▶ Prompt
Begin with the line containing "統計系企業導師制成果發表會合影" and copy every line after it to the end of the entries, exactly, leaving out the lines before it.

┌─ Supplied material

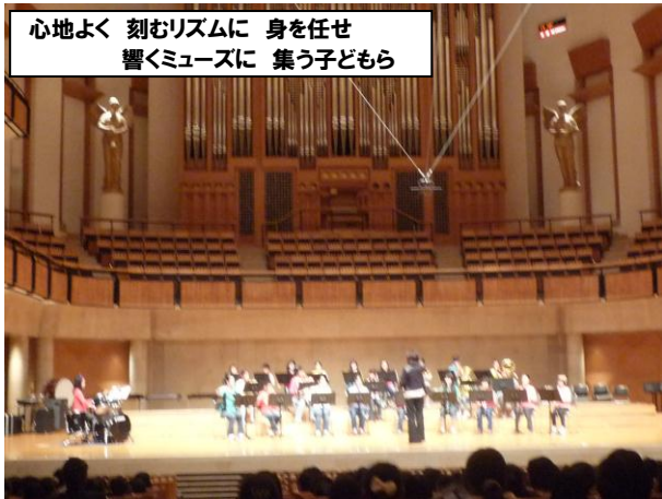
心地よく 刻むリズムに 身を任せ 響くミュージックに 集う子どもら
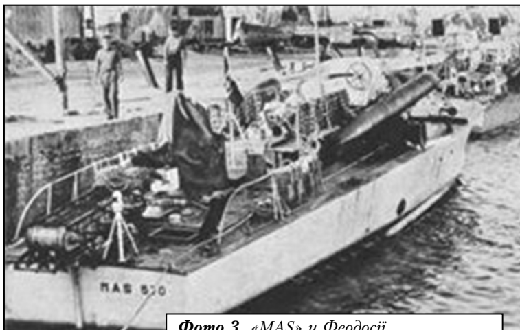
Фото 3. «MAS» у Феодосії

18 червня 1942 р. два торпедні катери «MAS» атакували самохідні баржі, що перевозили війська до Севастополя. У цьому бою був потоплений радянський транспорт (назва знов не наводиться – прим. авт.) [18]. В інших джерелах чітко вказано назву потопленого судна, дату, час, місце та причину його загибелі, зокрема: «... теплохід «Белосток» затонув в районі мису Фіолент поблизу Севастополя, в результаті торпедування італійськими торпедними катерами в ніч з 18 на 19 червня 1942 р.» [26]. Слід також відмітити, що в [27] вказується про
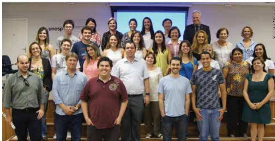
Profissionais envolvidos no programa Redefor Educação Especial e Inclusiva

Entre os conceitos que serão abordados estão a necessidade de o cursista aprender e vivenciar normas e regras que existem para o uso da Internet, reconhecer habilidades que já possui e iniciar o desenvolvimento de outras como estabelecer prioridades e uma parceria com o tutor, desenvolver autonomia para o estudo e conhecer o potencial das tecnologias digitais. Além disso, o aluno de um curso a distância deve aprender a administrar o tempo, que funciona de forma diferenciada dos modelos presenciais.
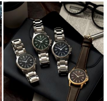
2) Movement in Motion
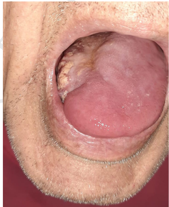
Figura 4. Recidiva de la lesión al cuarto mes postquirúrgico con fijación de la lengua al piso de la boca que dificulta la deglución y la fonación.

recurrencia local 2 , situación sufrida por el paciente presentado.
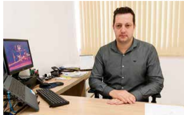
Secretário diz que ainda restam R$ 400 mil de inadimplência do ano passado
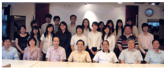
統計系企業導師制成果發表會合影

5組，每組都是由校友(Team Leader)、老師及在學學生所組成，校友會就本身學經歷等經驗教授業界的動向、求職求學的技巧，輔以系上老師的引導，讓每一組的學生都獲益匪淺。除了分組報告成果外，企業導師的意見回饋及系友意見交流等等，更加深了系所師生與校友的緊密結合，這對於系所未來成長及發展、校友對母系的向心力、認同感皆有非常正面的提升作用，活動在下午3時順利圓滿結束。

└─

▶ Output
統計系企業導師制成果發表會合影

5組，每組都是由校友(Team Leader)、老師及在學學生所組成，校友會就本身學經歷等經驗教授業界的動向、求職求學的技巧，輔以系上老師的引導，讓每一組的學生都獲益匪淺。除了分組報告成果外，企業導師的意見回饋及系友意見交流等等，更加深了系所師生與校友的緊密結合，這對於系所未來成長及發展、校友對母系的向心力、認同感皆有非常正面的提升作用，活動在下午3時順利圓滿結束。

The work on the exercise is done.